"A Friend in Need"  (真の友)
原作者 William Somerset Maugham

あらすじ
ビジネスマンとして名が売れた男性と、遊び人として名が売れた男性の話。
感想
これぞモーム。イギリス人の陰謀臭さ、人間の心を描ききった作品。神戸(明石海峡)が舞台なので親近感を感じます。だって、塩屋とか垂水とか知ってる名前がたくさん出てくるんだもん。
訳してみての感想
意味は取りやすい作品。モーム臭さを文体からどう出すかが難しいところでした。
意訳度―B原文忠実度―B熱心度―A




 ここ30年ほど、私は人間っていう物について考えてきた。しかし、さっぱり分からんな。顔についてばっかり考えるのも確かにナンなんだが、私達が人と会うとき、大抵は顔で判断するものだ、と思う。あごの形とか、目の綺麗さとか、口の形で判断してしまう。でも、これで大概あってるのかなって思うんだ。小説とか劇がしばしば人間の真を描ききれないのは、多分、著者が登場人物を完全に矛盾しないように描いているからだと思うんだ。登場人物が分かりにくくなるから、自己矛盾をきたした様に描く勇気は無いみたいだけど、自己矛盾っていうのは大半の人がそうなんじゃないかな。私達は、矛盾しあったものをでたらめに寄せ集めたものにしか過ぎないんだ。論理学の本でも見たら書いてあるんだろうね。「黄色は管だ」とか、「感謝の気持ちは空気よりも重たい」とかいうのは、論理的破綻である、ってね。でも、人間を作り上げているのが色んな矛盾だ、って考えると黄色が馬だろうが馬車だろうが、感謝の気持ちが来週の半ばだろうが、当たり前のような気がしてくる。人の第一印象っていっつもあたるんだよね、っていう話を聞くと肩をすくめたくなる。洞察力がいかれているか、よっぽど見栄っ張りなだけだ。なぜなら、私の場合は長く付き合えば付き合うほど分からないことが多くなってしまうからだ。全然理解不能な人を挙げろと言われれば、親しくしてる旧友が間違いなく挙がってくる。

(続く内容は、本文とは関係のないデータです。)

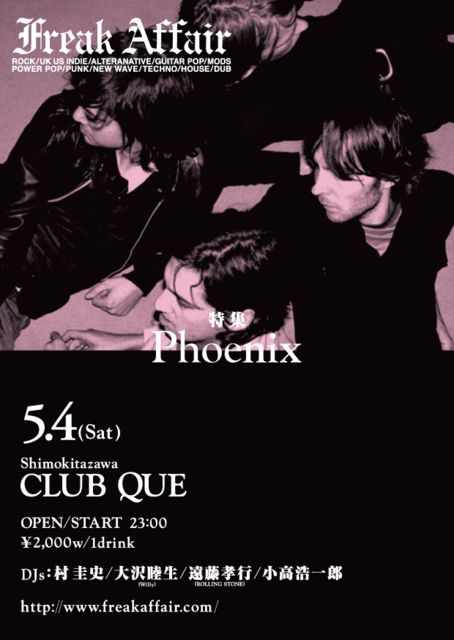 開催終了■□5/4(土)特集PHOENIX!!リアルタイムのロック・ミュージックを中心に下北沢のCLUB QUEにて月に一回のペースで行っている オールナイト・パーティ 『FREAK AFFAIR』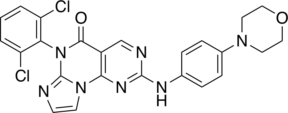 Chemical Name: 6-(2,6-dichlorophenyl)-2-((4-morpholinophenyl)amino)imidazo[1,2-a]pyrimido[5,4-e]pyrimidin-5(6H)-one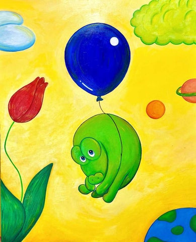 ワニが青い風船に吊るされて旅立つ「Bon Voyage!」の絵画は、地上の世界が遠ざかっていく様子や風船が破れるかもしれない不安と希望が表現されています。

 何でこんなこと思い出したのかっていえば、今朝新聞でエドワード・ハイド・バートンの死亡記事を読んだからだ。彼は貿易商をやっていて、日本にずっと居たんだ。私は彼のことをほとんど何も知らないが、関心は抱いていた。というのも、昔彼にびっくりさせられたから。彼本人から聞いたのでなければ、そんなことを彼がしたなんてとても信じられなかったろう。彼がそんなことをしたなんて聞いた時は、とんでもなくびっくりしたもんだ。何せ、身だしなみから礼儀正しさにいたるまで完全無欠な人だったから。もし、矛盾のない人が地球上に居るとすれば彼を置いて他には居なかった。ちっちゃくて痩せた奴だった。たったの160cmしかなかったが、すらりとして見えた。白髪と青い目の皺の深い赤い顔だった。初めて会った時は、還暦は迎えてるなと思ったね。年・身分相応に、いつも地味で小奇麗にしていた。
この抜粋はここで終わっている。